Pendekatan ini memberikan pemahaman tentang persepsi diri mengenai sikap, motivasi, dan emosi.

1.   Sikap
Manusia mencoba menilai sikap diri kita sendiri dengan mengamati perilaku yang kita tampilkan. Ketika kita mengamati perilaku kita dalam situasi dimana tidak ada tekanan eksternal yang kuat, kita berasumsi bahwa ekspresi kita merupakan sikap diri kita yang sebenarnya dan kita membuat atribusi internal. Sebaliknya, saat terdapat tekanan eksternal yang kuat bagi kita untuk melakukan sesuatu, sikap kita lebih disebabkan oleh factor eksternal.

2. Motivasi
Dalam elemen ini, manusia cenderung mau melakukan sesuatu untuk ganjaran atau imbalan yang tinggi.

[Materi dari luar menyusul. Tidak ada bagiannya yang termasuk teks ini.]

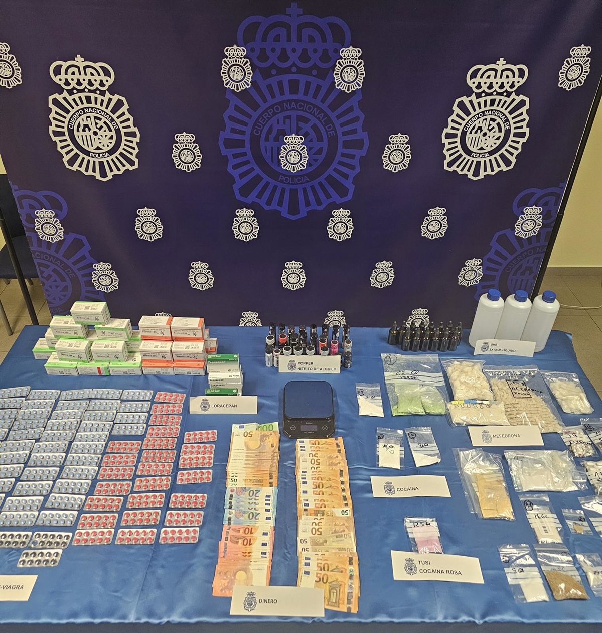 Durante el registro efectuado, se intervinieron 1.366 gramos de mefedrona(MDMA), 66 gramos de cocaína rosa, 24 frascos de popper, 3,1 litros de éxtasis líquido (GHB), 3.350 pastillas de viagra y cerca de 4.000 euros en efectivo.

Ini berarti manusia memiliki atribusi eksternal dalam melakukan suatu hal.

3. Emosi
Para peneliti mengatakan bahwa pada dasarnya manusia mengenal apa yang didasarkan dengan cara mempertimbangkan atau memahami keadaan psikologi, mental, dan berbagai dorongan eksternal yang menyebabkan ha itu terjadi. Stanly Schacter (1962) pernah melakukan penelitian tentang persepsi diri dengan pendekatan emosiaonal. Ia mengatakan  bahwa persepsi dari emosi kita tergantung dari (1) derajat rangsangan psikologis kita yang kita alami, dan (2) label kognitif yang kita gunakan, seperti “marah” atau “senang”. Untuk sampai pada lebel – lebel itu, kita tentunya memperhatikan lagi perilaku diri sendiri dari situasi yang sedang dihadapi.